Repeat the full listing, word for word.
***** DATASET RECORDS *****
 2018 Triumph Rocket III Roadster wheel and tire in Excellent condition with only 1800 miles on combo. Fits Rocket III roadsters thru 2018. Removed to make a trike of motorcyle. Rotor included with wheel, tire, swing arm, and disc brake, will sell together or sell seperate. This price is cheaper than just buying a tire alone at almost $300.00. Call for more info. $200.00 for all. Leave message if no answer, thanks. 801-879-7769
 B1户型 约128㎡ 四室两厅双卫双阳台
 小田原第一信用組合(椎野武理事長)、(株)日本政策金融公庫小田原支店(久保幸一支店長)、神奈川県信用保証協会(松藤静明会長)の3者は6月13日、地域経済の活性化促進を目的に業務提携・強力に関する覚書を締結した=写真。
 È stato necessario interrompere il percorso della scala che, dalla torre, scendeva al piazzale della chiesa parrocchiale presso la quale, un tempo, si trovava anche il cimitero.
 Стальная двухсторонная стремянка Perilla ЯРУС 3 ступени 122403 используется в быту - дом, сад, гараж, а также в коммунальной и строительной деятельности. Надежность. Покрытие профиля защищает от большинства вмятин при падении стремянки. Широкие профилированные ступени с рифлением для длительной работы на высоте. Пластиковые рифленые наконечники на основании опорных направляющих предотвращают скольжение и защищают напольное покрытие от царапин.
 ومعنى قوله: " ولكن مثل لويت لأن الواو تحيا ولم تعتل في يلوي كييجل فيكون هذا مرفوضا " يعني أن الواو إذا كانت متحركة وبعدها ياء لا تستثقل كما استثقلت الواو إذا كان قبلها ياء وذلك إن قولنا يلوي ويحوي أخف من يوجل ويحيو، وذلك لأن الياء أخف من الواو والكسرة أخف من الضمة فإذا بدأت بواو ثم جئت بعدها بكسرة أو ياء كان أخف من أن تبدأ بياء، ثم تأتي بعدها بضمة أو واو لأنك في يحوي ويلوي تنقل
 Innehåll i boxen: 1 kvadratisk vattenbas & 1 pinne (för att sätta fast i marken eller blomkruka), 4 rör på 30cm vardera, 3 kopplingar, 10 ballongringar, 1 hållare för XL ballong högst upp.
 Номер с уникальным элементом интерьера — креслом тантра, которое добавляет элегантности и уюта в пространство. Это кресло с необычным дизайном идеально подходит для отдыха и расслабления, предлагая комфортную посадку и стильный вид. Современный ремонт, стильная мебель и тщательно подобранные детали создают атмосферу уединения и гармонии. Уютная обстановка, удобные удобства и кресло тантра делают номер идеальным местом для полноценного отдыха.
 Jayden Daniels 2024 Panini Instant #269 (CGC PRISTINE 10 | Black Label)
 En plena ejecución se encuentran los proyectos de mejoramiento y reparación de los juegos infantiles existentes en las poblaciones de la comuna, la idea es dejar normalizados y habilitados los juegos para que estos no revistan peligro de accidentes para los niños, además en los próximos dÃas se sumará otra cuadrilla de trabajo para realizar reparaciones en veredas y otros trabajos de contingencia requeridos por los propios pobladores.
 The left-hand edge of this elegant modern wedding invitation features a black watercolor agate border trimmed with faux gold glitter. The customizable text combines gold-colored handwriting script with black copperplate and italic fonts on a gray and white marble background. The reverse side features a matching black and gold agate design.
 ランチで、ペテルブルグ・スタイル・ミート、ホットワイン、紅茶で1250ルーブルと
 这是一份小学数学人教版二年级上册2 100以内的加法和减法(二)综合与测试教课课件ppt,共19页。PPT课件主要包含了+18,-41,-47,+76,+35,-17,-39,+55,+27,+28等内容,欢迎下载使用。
*****
RESPONSE AREA -
 2018 Triumph Rocket III Roadster wheel and tire in Excellent condition with only 1800 miles on combo. Fits Rocket III roadsters thru 2018. Removed to make a trike of motorcyle. Rotor included with wheel, tire, swing arm, and disc brake, will sell together or sell seperate. This price is cheaper than just buying a tire alone at almost $300.00. Call for more info. $200.00 for all. Leave message if no answer, thanks. 801-879-7769
 B1户型 约128㎡ 四室两厅双卫双阳台
 小田原第一信用組合(椎野武理事長)、(株)日本政策金融公庫小田原支店(久保幸一支店長)、神奈川県信用保証協会(松藤静明会長)の3者は6月13日、地域経済の活性化促進を目的に業務提携・強力に関する覚書を締結した=写真。
 È stato necessario interrompere il percorso della scala che, dalla torre, scendeva al piazzale della chiesa parrocchiale presso la quale, un tempo, si trovava anche il cimitero.
 Стальная двухсторонная стремянка Perilla ЯРУС 3 ступени 122403 используется в быту - дом, сад, гараж, а также в коммунальной и строительной деятельности. Надежность. Покрытие профиля защищает от большинства вмятин при падении стремянки. Широкие профилированные ступени с рифлением для длительной работы на высоте. Пластиковые рифленые наконечники на основании опорных направляющих предотвращают скольжение и защищают напольное покрытие от царапин.
 ومعنى قوله: " ولكن مثل لويت لأن الواو تحيا ولم تعتل في يلوي كييجل فيكون هذا مرفوضا " يعني أن الواو إذا كانت متحركة وبعدها ياء لا تستثقل كما استثقلت الواو إذا كان قبلها ياء وذلك إن قولنا يلوي ويحوي أخف من يوجل ويحيو، وذلك لأن الياء أخف من الواو والكسرة أخف من الضمة فإذا بدأت بواو ثم جئت بعدها بكسرة أو ياء كان أخف من أن تبدأ بياء، ثم تأتي بعدها بضمة أو واو لأنك في يحوي ويلوي تنقل
 Innehåll i boxen: 1 kvadratisk vattenbas & 1 pinne (för att sätta fast i marken eller blomkruka), 4 rör på 30cm vardera, 3 kopplingar, 10 ballongringar, 1 hållare för XL ballong högst upp.
 Номер с уникальным элементом интерьера — креслом тантра, которое добавляет элегантности и уюта в пространство. Это кресло с необычным дизайном идеально подходит для отдыха и расслабления, предлагая комфортную посадку и стильный вид. Современный ремонт, стильная мебель и тщательно подобранные детали создают атмосферу уединения и гармонии. Уютная обстановка, удобные удобства и кресло тантра делают номер идеальным местом для полноценного отдыха.
 Jayden Daniels 2024 Panini Instant #269 (CGC PRISTINE 10 | Black Label)
 En plena ejecución se encuentran los proyectos de mejoramiento y reparación de los juegos infantiles existentes en las poblaciones de la comuna, la idea es dejar normalizados y habilitados los juegos para que estos no revistan peligro de accidentes para los niños, además en los próximos dÃas se sumará otra cuadrilla de trabajo para realizar reparaciones en veredas y otros trabajos de contingencia requeridos por los propios pobladores.
 The left-hand edge of this elegant modern wedding invitation features a black watercolor agate border trimmed with faux gold glitter. The customizable text combines gold-colored handwriting script with black copperplate and italic fonts on a gray and white marble background. The reverse side features a matching black and gold agate design.
 ランチで、ペテルブルグ・スタイル・ミート、ホットワイン、紅茶で1250ルーブルと
 这是一份小学数学人教版二年级上册2 100以内的加法和减法(二)综合与测试教课课件ppt,共19页。PPT课件主要包含了+18,-41,-47,+76,+35,-17,-39,+55,+27,+28等内容,欢迎下载使用。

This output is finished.